→ **The records**:
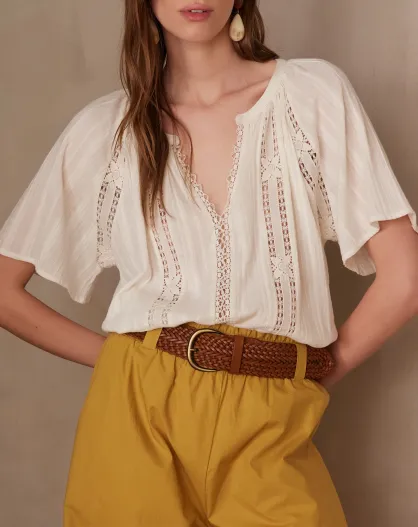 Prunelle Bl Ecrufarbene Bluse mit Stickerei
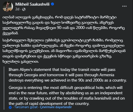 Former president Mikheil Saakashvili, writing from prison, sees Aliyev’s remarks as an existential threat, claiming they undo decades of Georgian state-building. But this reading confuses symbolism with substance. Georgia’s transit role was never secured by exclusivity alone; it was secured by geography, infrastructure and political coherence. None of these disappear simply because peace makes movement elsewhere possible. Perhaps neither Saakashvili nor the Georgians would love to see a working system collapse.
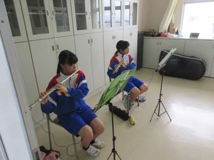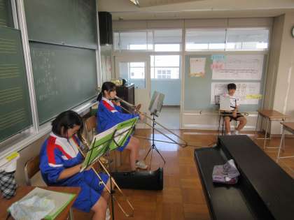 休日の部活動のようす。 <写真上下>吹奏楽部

--

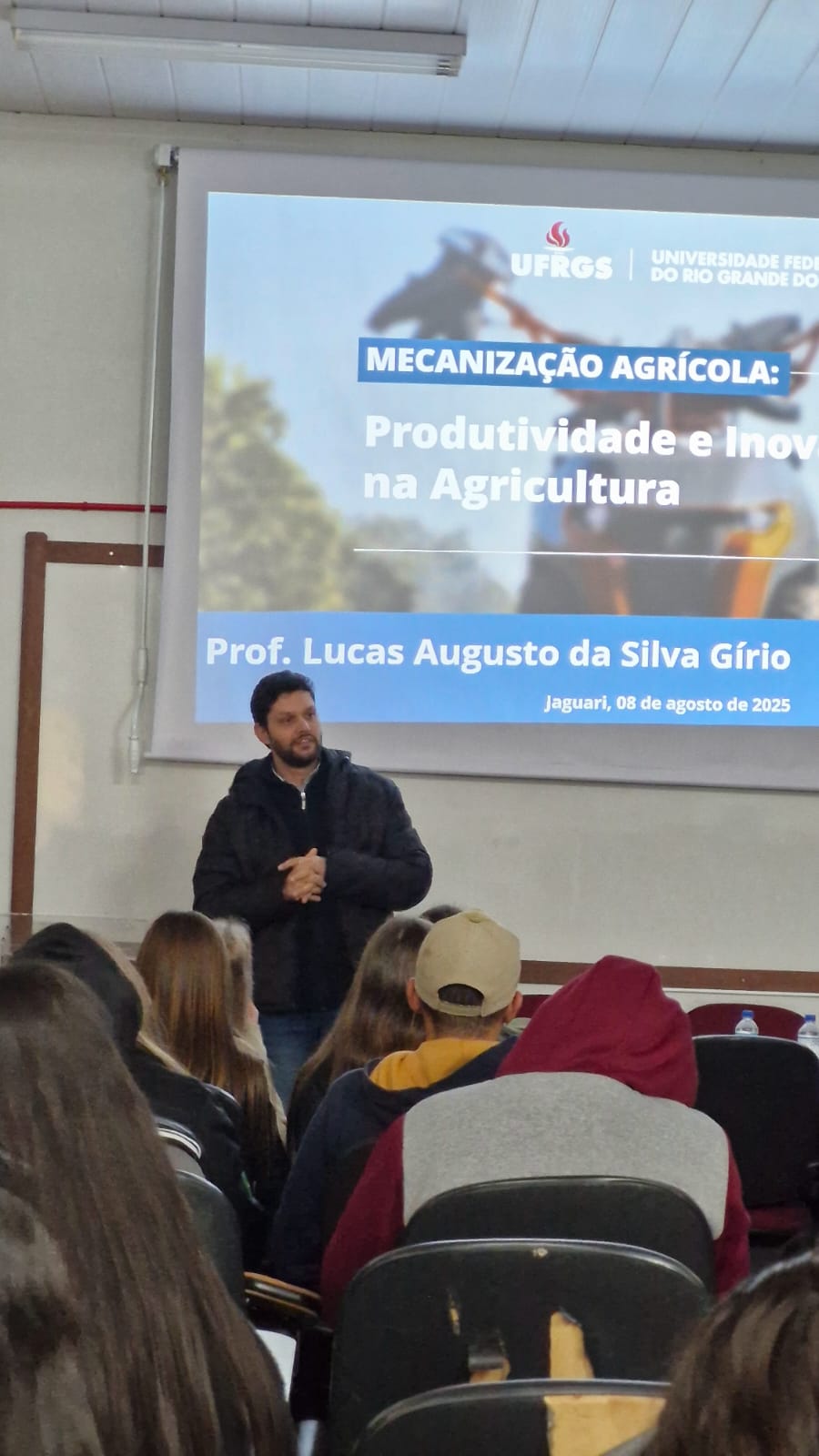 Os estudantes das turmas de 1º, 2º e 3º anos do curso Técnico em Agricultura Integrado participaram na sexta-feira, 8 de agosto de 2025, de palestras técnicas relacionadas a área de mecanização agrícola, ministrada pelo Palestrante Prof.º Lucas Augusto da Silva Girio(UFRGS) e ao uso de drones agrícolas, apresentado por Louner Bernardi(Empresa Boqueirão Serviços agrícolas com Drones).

* * *

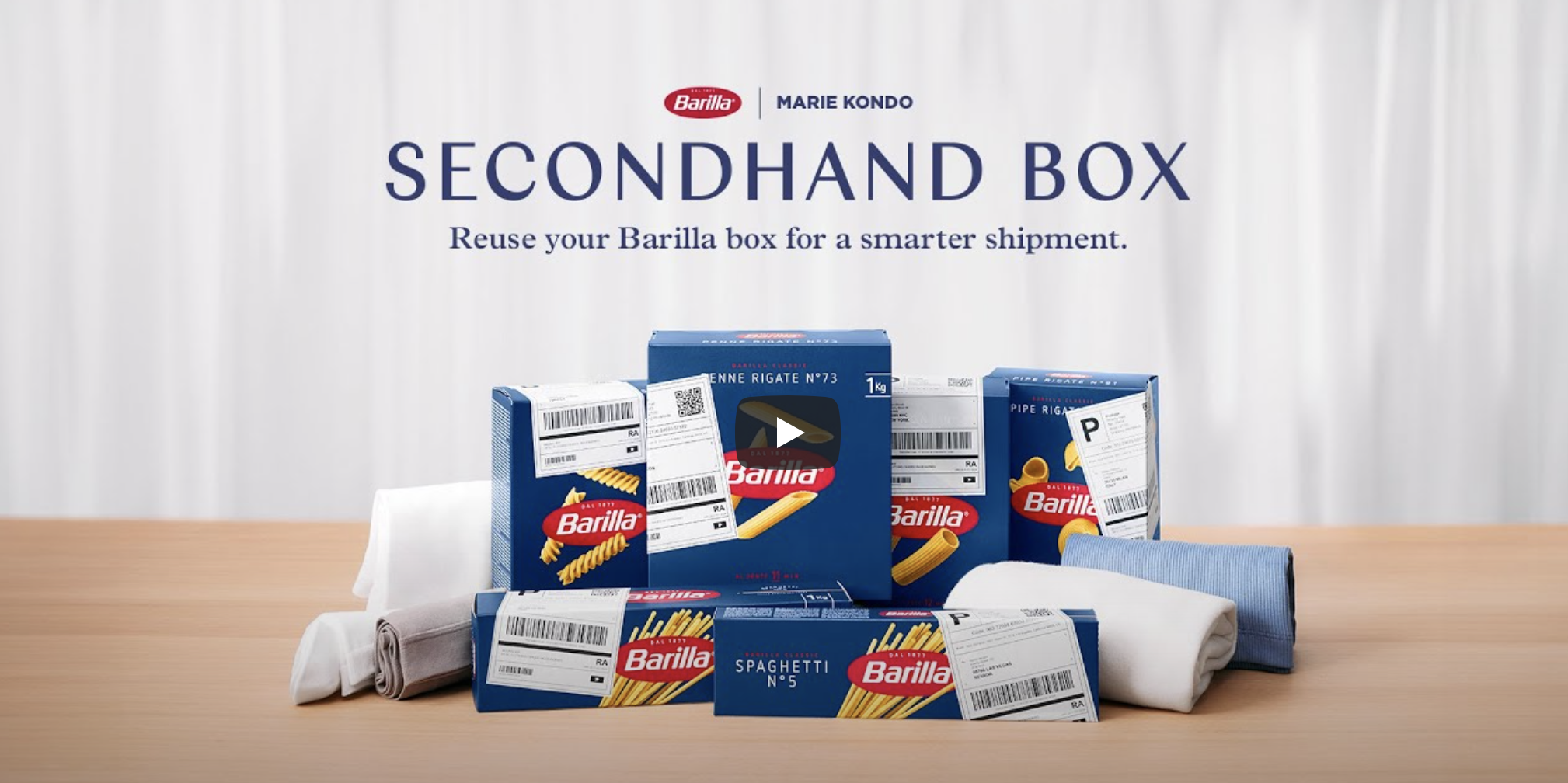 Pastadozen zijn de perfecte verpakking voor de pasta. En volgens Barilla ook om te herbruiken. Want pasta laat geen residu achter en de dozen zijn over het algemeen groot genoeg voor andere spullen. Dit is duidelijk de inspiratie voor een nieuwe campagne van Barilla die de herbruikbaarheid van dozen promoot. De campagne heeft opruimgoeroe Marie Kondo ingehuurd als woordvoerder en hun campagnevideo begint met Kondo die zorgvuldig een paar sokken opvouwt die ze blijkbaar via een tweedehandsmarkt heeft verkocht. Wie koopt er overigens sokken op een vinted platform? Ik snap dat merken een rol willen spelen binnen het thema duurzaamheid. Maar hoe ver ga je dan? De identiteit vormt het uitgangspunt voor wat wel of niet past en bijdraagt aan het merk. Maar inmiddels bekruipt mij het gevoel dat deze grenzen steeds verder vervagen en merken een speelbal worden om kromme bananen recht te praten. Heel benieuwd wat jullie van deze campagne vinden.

→ **Task item**:
Give back exactly the lines above from the one with "Prunelle Bl Ecrufarbene Bluse mit Stickerei" through the one with "休日の部活動のようす。 <写真上下>吹奏楽部", both included. Pictures don't belong in the copy.

→ **Expected output**:
 Prunelle Bl Ecrufarbene Bluse mit Stickerei
 Former president Mikheil Saakashvili, writing from prison, sees Aliyev’s remarks as an existential threat, claiming they undo decades of Georgian state-building. But this reading confuses symbolism with substance. Georgia’s transit role was never secured by exclusivity alone; it was secured by geography, infrastructure and political coherence. None of these disappear simply because peace makes movement elsewhere possible. Perhaps neither Saakashvili nor the Georgians would love to see a working system collapse.
 休日の部活動のようす。 <写真上下>吹奏楽部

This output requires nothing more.